> [PROVIDED RECORDS]:
:::::
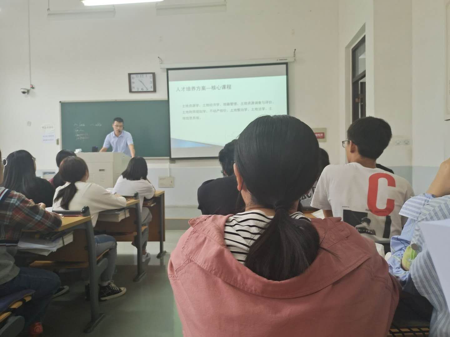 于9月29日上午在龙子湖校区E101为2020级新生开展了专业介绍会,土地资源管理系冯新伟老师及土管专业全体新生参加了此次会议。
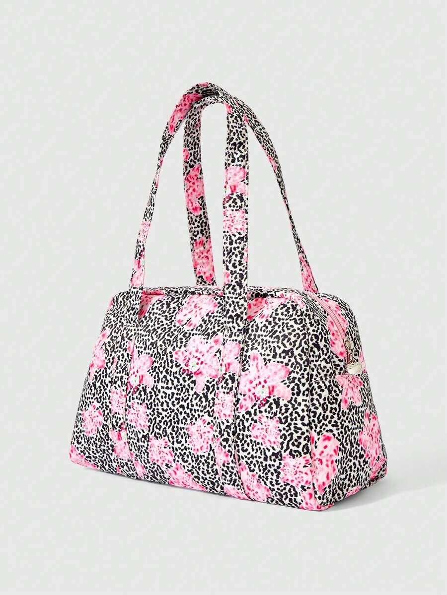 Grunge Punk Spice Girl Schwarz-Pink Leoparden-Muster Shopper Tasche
:::::
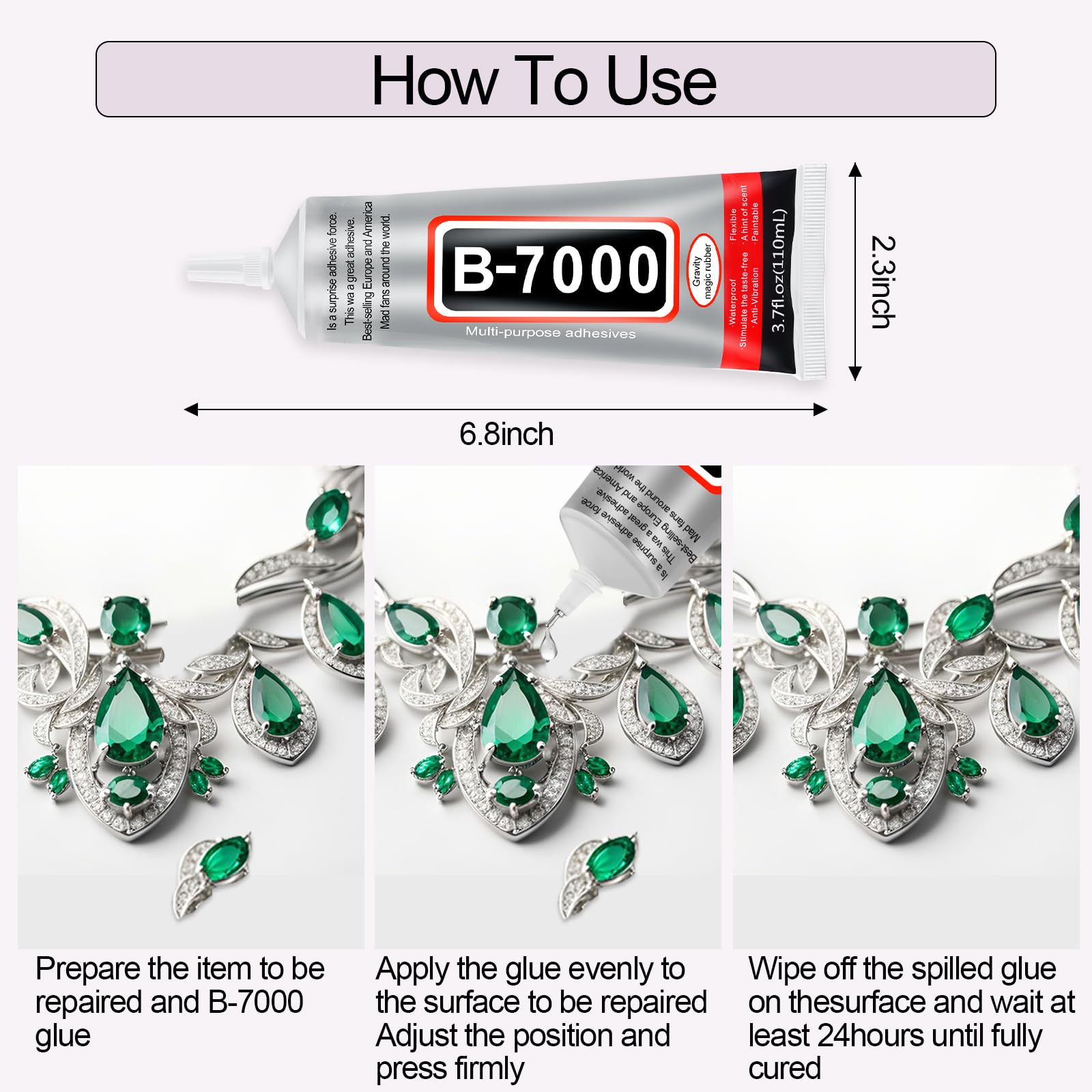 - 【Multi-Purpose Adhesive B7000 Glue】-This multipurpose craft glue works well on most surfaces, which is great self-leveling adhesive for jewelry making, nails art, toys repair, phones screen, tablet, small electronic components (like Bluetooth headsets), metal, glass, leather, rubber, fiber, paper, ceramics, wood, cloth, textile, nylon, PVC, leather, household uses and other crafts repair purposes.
:::::
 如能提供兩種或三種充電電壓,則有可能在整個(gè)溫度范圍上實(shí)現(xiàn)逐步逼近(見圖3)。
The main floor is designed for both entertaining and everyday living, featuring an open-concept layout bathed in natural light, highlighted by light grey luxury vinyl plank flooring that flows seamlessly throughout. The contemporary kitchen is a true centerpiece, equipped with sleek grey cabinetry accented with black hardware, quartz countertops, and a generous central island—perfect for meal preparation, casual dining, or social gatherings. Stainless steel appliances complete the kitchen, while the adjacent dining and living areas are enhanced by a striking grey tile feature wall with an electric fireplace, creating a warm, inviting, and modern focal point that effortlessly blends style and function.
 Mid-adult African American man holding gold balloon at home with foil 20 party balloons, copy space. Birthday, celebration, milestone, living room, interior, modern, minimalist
:::::
> [WORK INSTRUCTION]: Reproduce the data above exactly, but only the lines from the one showing "于9月29日上午在龙子湖校区" through the one showing "Grunge Punk Spice", with both ends kept and the pictures left out.

> [FINISHED EXERCISE]:
 于9月29日上午在龙子湖校区E101为2020级新生开展了专业介绍会,土地资源管理系冯新伟老师及土管专业全体新生参加了此次会议。
 Grunge Punk Spice Girl Schwarz-Pink Leoparden-Muster Shopper Tasche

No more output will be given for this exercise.